-------- DATA --------

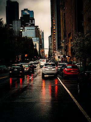 Captured near Central Park on a rainy afternoon in New York City, this image reflects the rhythm of urban life, tail lights glowing against wet pavement, framed by towering buildings and moody skies. A subtle watermark is present for copyright protection.
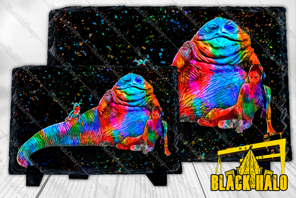 Star Wars Inspired Jabba the Hutt & Slave Leia artwork on Natural Rock Slate with Stands
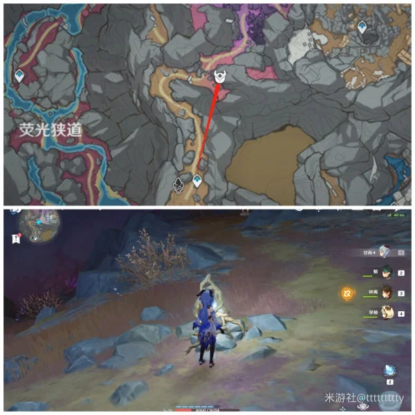31.传送至荧光狭道上方传送点,右转直行至下图所示位置,此处是一个枯木宝箱。四个紫石位置以下图角色为基准,前方两个,右侧一个,后方一个。
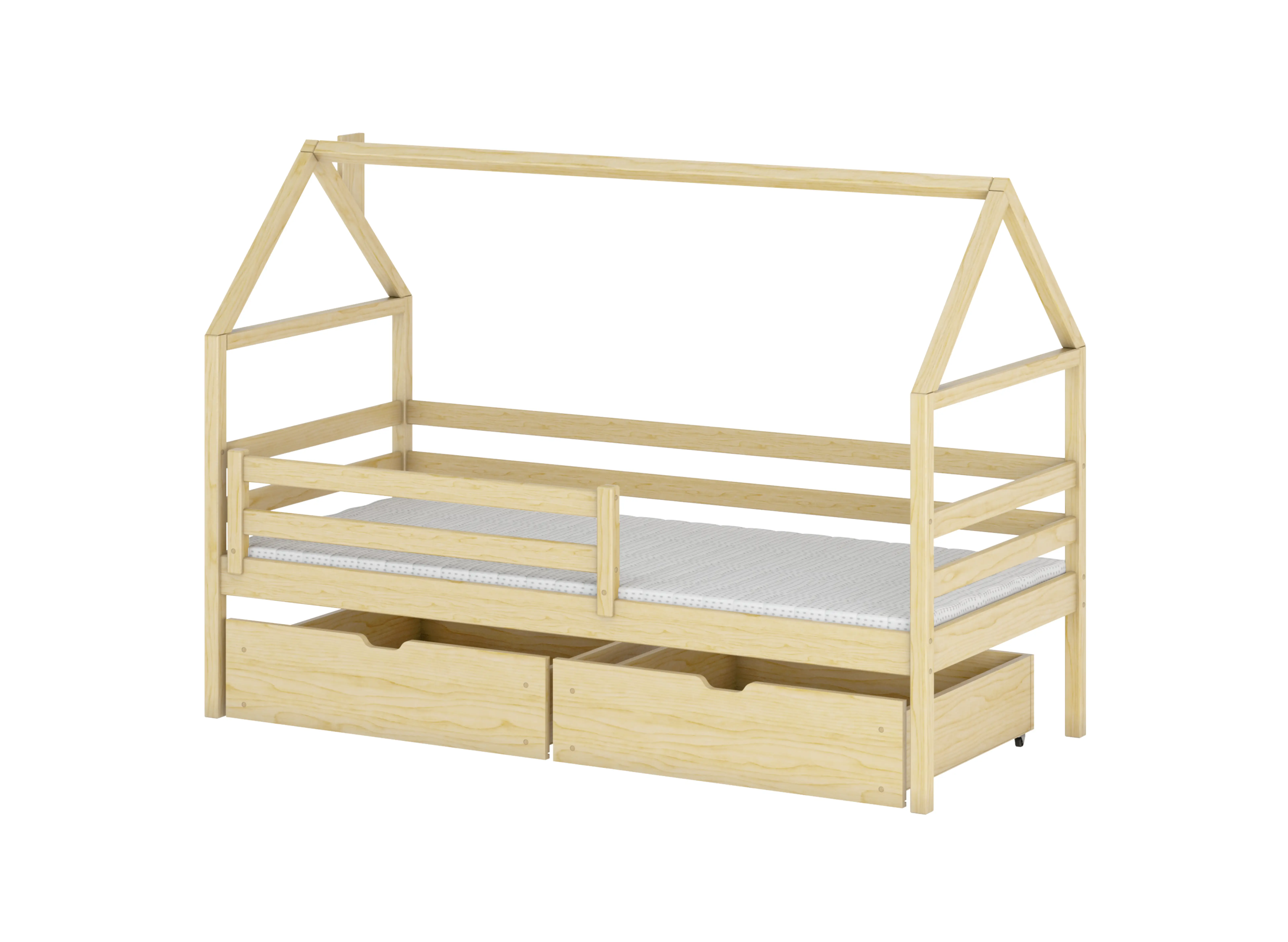 Postel s vestavěnou střechou není jen dekorativní prvek. Může být také použita jako část ochrany. Celá je vyrobena z pevných borovicových desek, které tvoří stabilní rám pro matraci. Rám postele je obklopen dřevěnými zábranami, což zajišťuje bezpečnost i pro nejživější děti. Konstrukce je navržena tak, aby se nepohybovala ani při největších dětských skotačeních. Celek je velmi snadný na montáž. Dá se říct, že je to dětsky jednoduché! Kromě pohodlné a pevné postele je důležité pamatovat na výběr správné matrace na spaní. Ta zajistí klidný odpočinek a komfort během spánku. Nevíte, jak vybrat matraci pro vaše děťátko? Není to nic složitého. Podívejte se do sekce JAK VYBRAT MATRACI nebo nás kontaktujte.
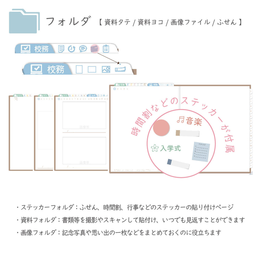さらに校務管理に使えるプロジェクトシート、会議録、朝礼メモの他、ノートや資料フォルダなど、これ一つで教員の予定・授業・校務管理がオールインワンになった手帳です。

--------

WHAT TO WORK ON: Return word for word the line bearing "Star Wars Inspired" and every later line of the entries, but none of the pictures.

TASK OUTPUT:
 Star Wars Inspired Jabba the Hutt & Slave Leia artwork on Natural Rock Slate with Stands
31.传送至荧光狭道上方传送点,右转直行至下图所示位置,此处是一个枯木宝箱。四个紫石位置以下图角色为基准,前方两个,右侧一个,后方一个。
 Postel s vestavěnou střechou není jen dekorativní prvek. Může být také použita jako část ochrany. Celá je vyrobena z pevných borovicových desek, které tvoří stabilní rám pro matraci. Rám postele je obklopen dřevěnými zábranami, což zajišťuje bezpečnost i pro nejživější děti. Konstrukce je navržena tak, aby se nepohybovala ani při největších dětských skotačeních. Celek je velmi snadný na montáž. Dá se říct, že je to dětsky jednoduché! Kromě pohodlné a pevné postele je důležité pamatovat na výběr správné matrace na spaní. Ta zajistí klidný odpočinek a komfort během spánku. Nevíte, jak vybrat matraci pro vaše děťátko? Není to nic složitého. Podívejte se do sekce JAK VYBRAT MATRACI nebo nás kontaktujte.
さらに校務管理に使えるプロジェクトシート、会議録、朝礼メモの他、ノートや資料フォルダなど、これ一つで教員の予定・授業・校務管理がオールインワンになった手帳です。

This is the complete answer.